The number of neighbors (K) is important:
- Too small (K=1): Might be too sensitive to outliers
- Too large (K=all): Might be too general

Let's experiment:

In [133]:
# Try different values of K
k_values = range(1, 9)  # K from 1 to 10
results = []

for k in k_values:
    # Split the data: 70% for training, 30% for testing
    X_train, X_test, y_train, y_test = train_test_split(
        X_scaled_df, y, test_size=0.3, random_state=42
    )

    # Train model with this K
    model = KNeighborsClassifier(n_neighbors=k)
    model.fit(X_train, y_train)
    
    # Calculate accuracy
    accuracy = model.score(X_test, y_test)
    results.append({'K': k, 'Accuracy': accuracy})
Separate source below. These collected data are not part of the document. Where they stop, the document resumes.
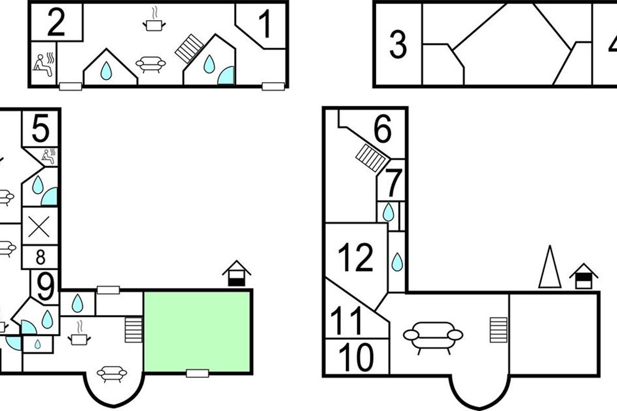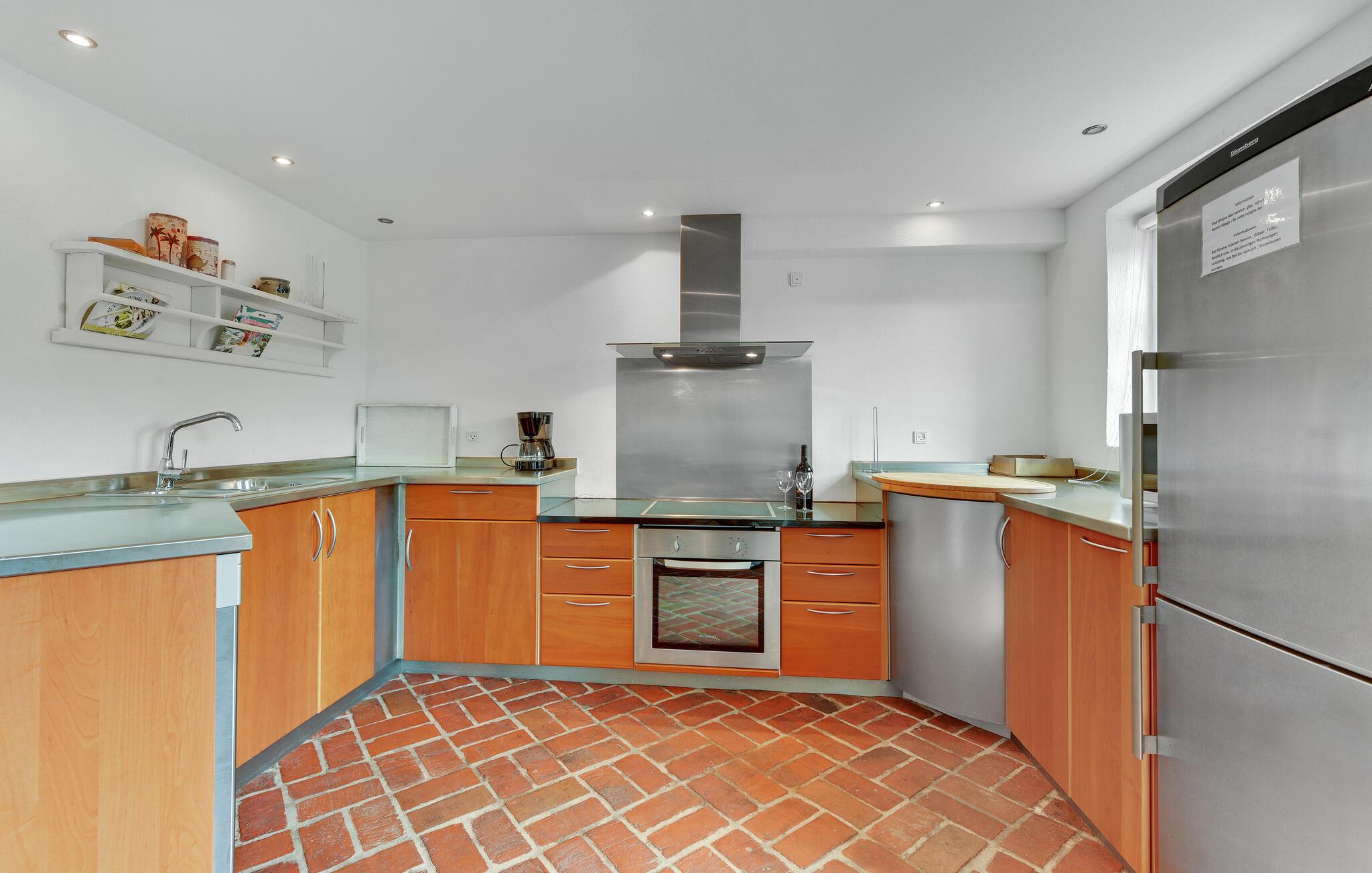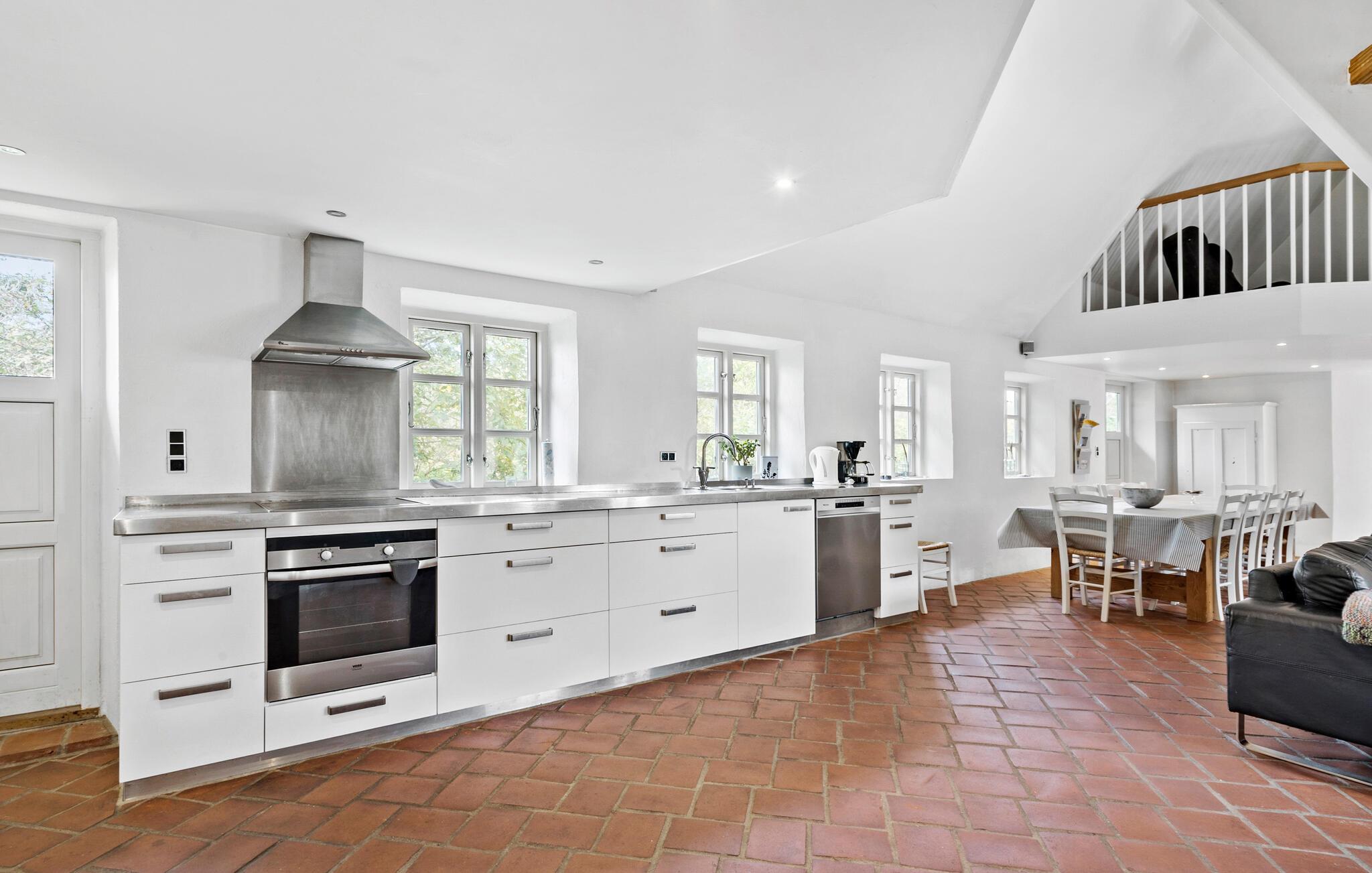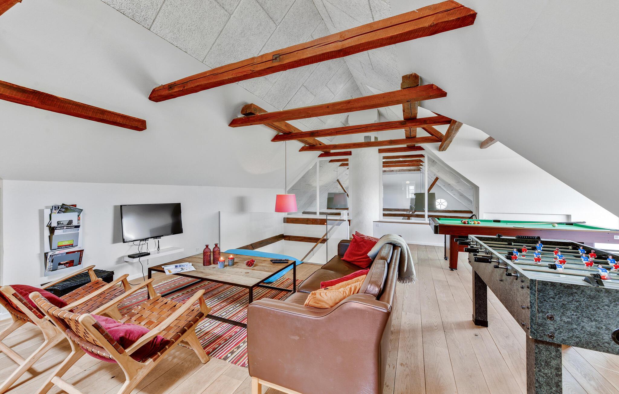 Het huis biedt plaats aan 32 personen. De boerderij zelf bestaat uit vier appartementen, als volgt verdeeld: Flat A met 157 m² en ruimte voor 10 personen, Appartement B met 120 m² voor 8 personen, C met 67 m² voor 6 personen en D met 180 m² voor 8 personen. Als je wilt ontspannen, kun je je gewoon terugtrekken in je eigen appartement en je wijden aan een goed boek of de televisie. Elk appartement heeft zijn eigen volledig uitgeruste keuken, eethoek en tv-kamer. Er is ook een whirlpool voor twee personen in elke flat, en in drie flats is er zelfs een sauna. Flat D heeft ook een activiteitenruimte met een pooltafel, tafeltennis en tafelvoetbal.
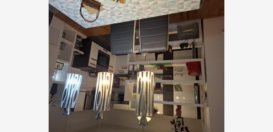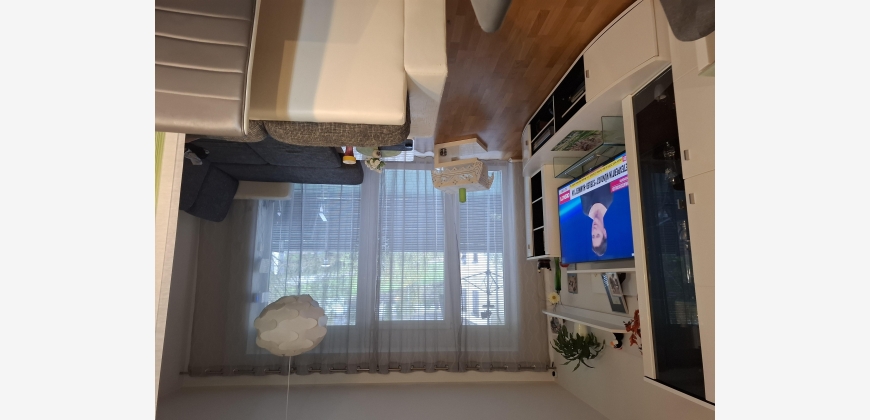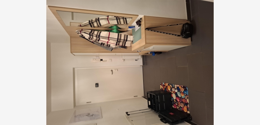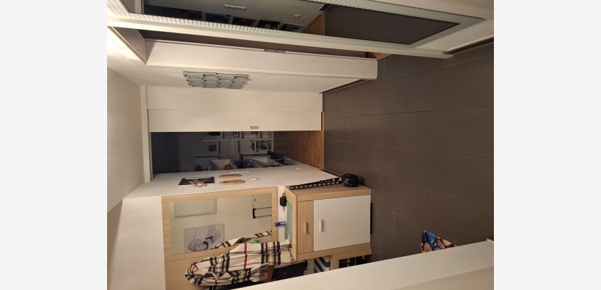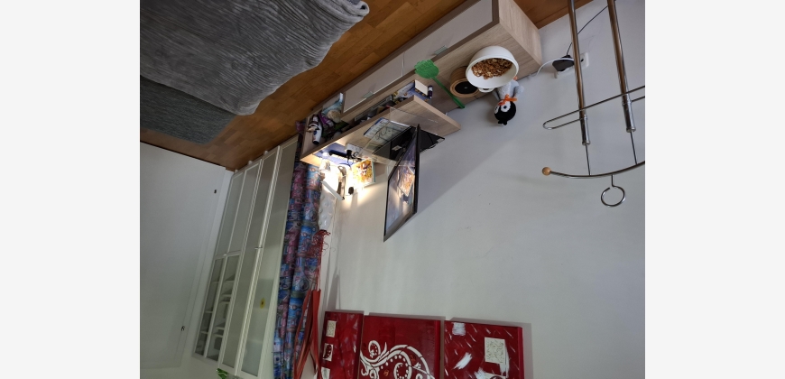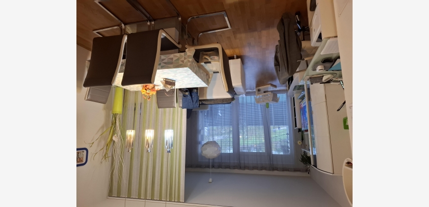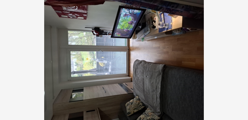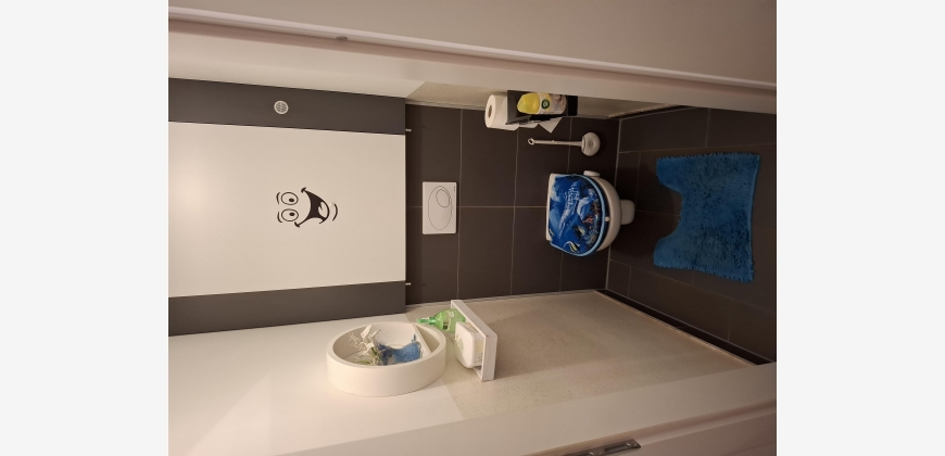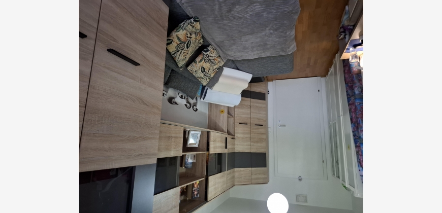 Geradeaus befindet sich das Kinderzimmer, in hellbraun gehalten, mit einer dunkelgrauen ausziehbaren Couch, von wo man auf den Balkon sowie auch vom Wohnzimmer und Schlafzimmer kommt.
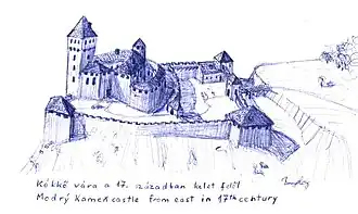 The name of the town was first mentioned as Keykkw in 1290. The name of the settlement means "Blue Rock". Ruins of the castle Modrý Kameň stand on a rock pinnacle above the town. The castle was built in the second half of the 13th century by the ancestors of the Balassa noble family. They had to recapture the castle from the sons of Casimir of the Hont-Pázmány clan by a siege in 1290. The castle was captured by Ottoman troops in 1576, because its guard fled when they heard the approaching Ottomans. The castle was given up and subsequently destroyed by Ottoman troops in 1593. It was restored between 1609 and 1612 by Sigismund Balassa. The castle was ravaged many times during the 17th century, so it became ruined and abandoned. The Balassa family built a new Baroque mansion house on the side of the castle hill in the early 18th century; stones of the former castle were used in the mansion building operations. The last member of the Balassa noble family died in 1899. After the demise of the Balassa family, the Almásy noble family became the proprietors of Modrý Kameň castle. They sold the demesne to the Czechoslovak state in 1923.
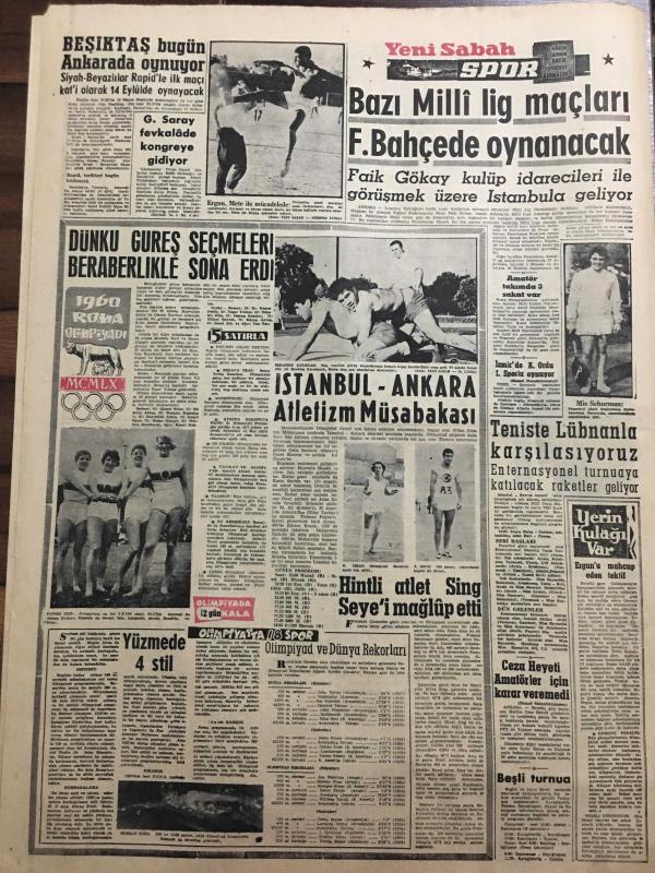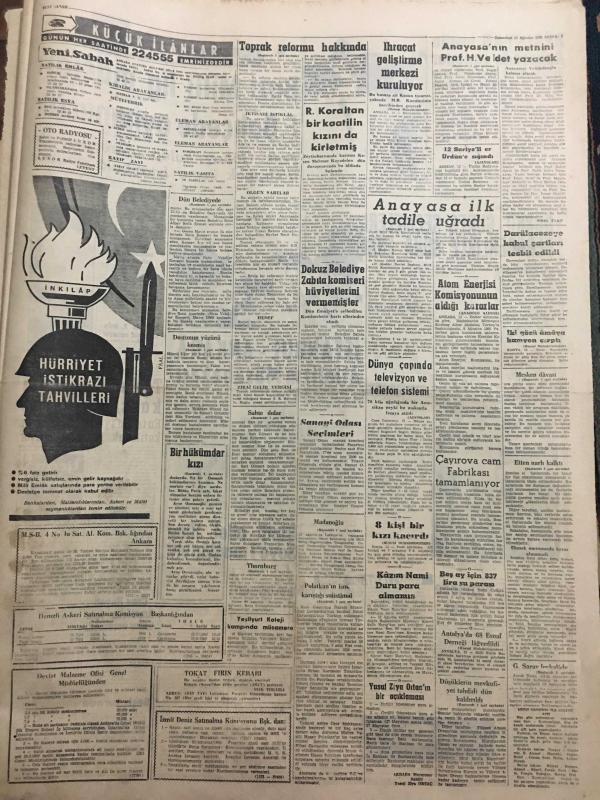 YENİ SABAH GAZETESİ 13 AĞUSTOS 1960 YIL :23 SAYI :7694--Thornburg Türkiye nin geleceği çok iyi olacak dedi --Düşüklerin mevkufiyet tahdidi dün kaldırıldı --TYH na Bayar Menderes ve Yardımcının Borcu Var---Madanoğlu Kıbrıs a gidiyor --Mesken davasının halli için kanun tasarısı hazırlanıyor ---Anayasa nın metnini Prof .H.Veldet yazacak ---Sahte dolar satan iki kişi yakalandı --Toprak reformu hakkında Ş.R Hatipoğlu ne düşünüyor ?--2400 yıllık mozaikler --Tekke ağzı :Siyavuşgil --Sinemalar :Alkazar :İntikam Tuzağı ,Atlas :Müşvik Kuvvet ,Çınar :Son Beste ---Bu yıl Avrupa ya 267 öğrenci gönderilecek --NATO talebeleri inkılabımızı övüyor--Çocukları esrar içmeğe alıştıran şahıs tutuldu --Kaçak kum yüklü 5 motör yakalandı --Sinema :Mükafatlardan mahrum kalan Türk sineması --Beşiktaş bugün Ankara da oynuyor --Bazı Milli lig maçları Fenerbahçe oynayacak --İstanbul -Ankara Atletizm Müsabakası --Teniste Lübnan la karşılaşıyoruz --Hintli atlet Sing Seye i mağlup etti ---, SAFA KILIÇLIOĞLU tarafından kaleme alınmıştır. Kitap 1960 yılında [YENİ SABAH MATBAA] o ISBN kodu ile yayınlanmıştır. 6 sayfadır. YENİ SABAH GAZETESİ 13 AĞUSTOS 1960 YIL :23 SAYI :7694--Thornburg Türkiye nin geleceği çok iyi olacak dedi --Düşüklerin mevkufiyet tahdidi dün kaldırıldı --TYH na Bayar Menderes ve Yardımcının Borcu Var---Madanoğlu Kıbrıs a gidiyor --Mesken davasının halli için kanun tasarısı hazırlanıyor ---Anayasa nın metnini Prof .H.Veldet yazacak ---Sahte dolar satan iki kişi yakalandı --Toprak reformu hakkında Ş.R Hatipoğlu ne düşünüyor ?--2400 yıllık mozaikler --Tekke ağzı :Siyavuşgil --Sinemalar :Alkazar :İntikam Tuzağı ,Atlas :Müşvik Kuvvet ,Çınar :Son Beste ---Bu yıl Avrupa ya 267 öğrenci gönderilecek --NATO talebeleri inkılabımızı övüyor--Çocukları esrar içmeğe alıştıran şahıs tutuldu --Kaçak kum yüklü 5 motör yakalandı --Sinema :Mükafatlardan mahrum kalan Türk sineması --Beşiktaş bugün Ankara da oynuyor --Bazı Milli lig maçları Fenerbahçe oynayacak --İstanbul -Ankara Atletizm Müsabakası --Teniste Lübnan la karşılaşıyoruz --Hintli atlet Sing Seye i mağlup etti --- adlı eser Türkçe dilindedir.
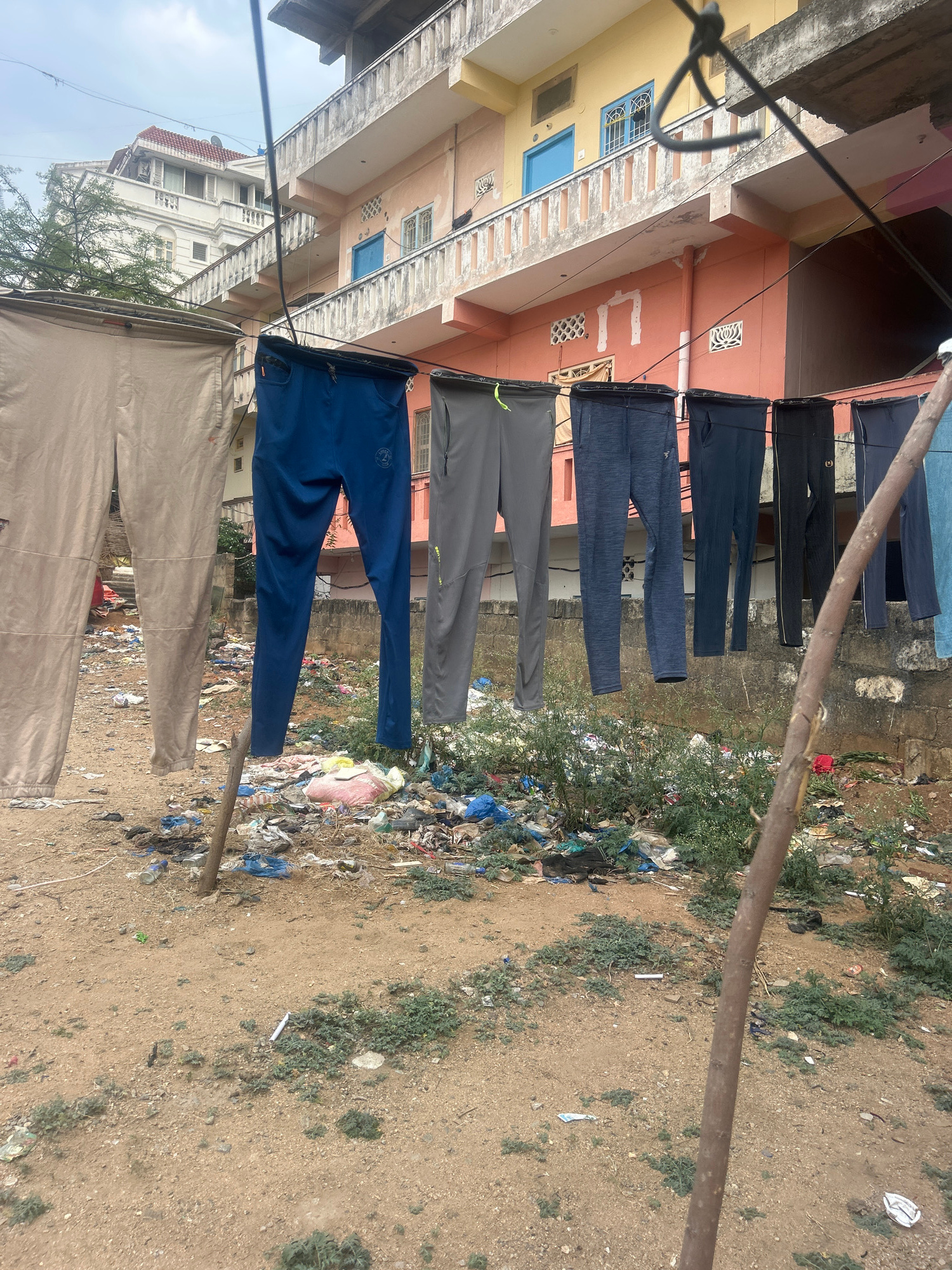 This image depicts a residential area in Puttaparthi, India, characterized by a utilitarian clothesline set against a backdrop of multi-story buildings and ground covered in refuse. Seven pairs of tro…read more
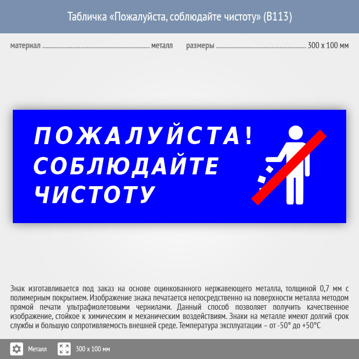 Табличка «Пожалуйста, соблюдайте чистоту», B113 (металл, 300х100 мм) в Химках купить
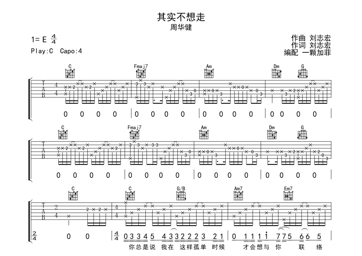周华健《其实不想走》吉他谱 - C调弹唱六线谱

results_df = pd.DataFrame(results)
results_df

Unnamed: 0,K,Accuracy
0,1,0.625
1,2,0.625
2,3,0.625
3,4,0.625
4,5,0.625
5,6,0.625
6,7,0.75
7,8,0.75


In [145]:
# Visualise the results
accuracy_chart = alt.Chart(results_df).mark_line(point=alt.OverlayMarkDef(size=80), size=2.5).encode(
    x=alt.X('K:O').title('Number of Neighbors (K)').axis(labelAngle=0, labelFontSize=14, ticks=True, labelPadding=5),
    y=alt.Y('Accuracy:Q').scale(padding=50, zero=False).axis(format='%', labelFontSize=12).title('Accuracy'),
    tooltip=[alt.Tooltip('K:O'), 
             alt.Tooltip('Accuracy:Q', format='.1%')]
).properties(
    width=400,
    height=300,
    title='How does K affect accuracy?'
)

accuracy_chart

In our example analysis (with very few data points), it's normal to see the same accuracy level for different number of nearest neighbours. As our dataset becomes larger, either through more features or more observations, we'd expect performance to vary at every k neighbours.

<br>

**Ideas to take this further:**
- Here we've only used two input features (firearms deaths and median income), try including more features in the analysis.
- Expand the number of observations by finding data for a lower statistical geography - maybe there is data at counties level, or maybe we find annual values.